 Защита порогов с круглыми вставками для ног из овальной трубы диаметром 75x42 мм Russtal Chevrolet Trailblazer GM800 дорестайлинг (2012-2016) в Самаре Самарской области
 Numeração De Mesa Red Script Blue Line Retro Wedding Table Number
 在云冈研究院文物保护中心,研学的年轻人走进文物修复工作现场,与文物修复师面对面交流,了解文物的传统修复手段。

•••••

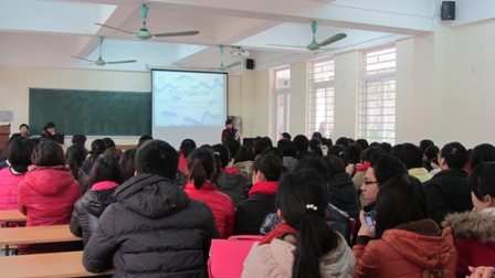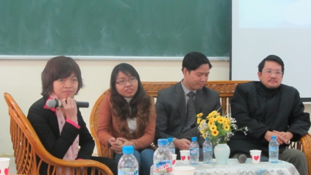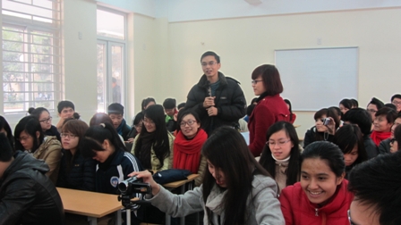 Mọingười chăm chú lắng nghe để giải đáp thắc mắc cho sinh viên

•••••

**PROMPT**.
Working from the data above, extract solely the lines from the one containing "Numeração De Mesa" through the one containing "在云冈研究院文物保护中心,研", exactly as they appear, both included.

**TASK RESPONSE**.
 Numeração De Mesa Red Script Blue Line Retro Wedding Table Number
 在云冈研究院文物保护中心,研学的年轻人走进文物修复工作现场,与文物修复师面对面交流,了解文物的传统修复手段。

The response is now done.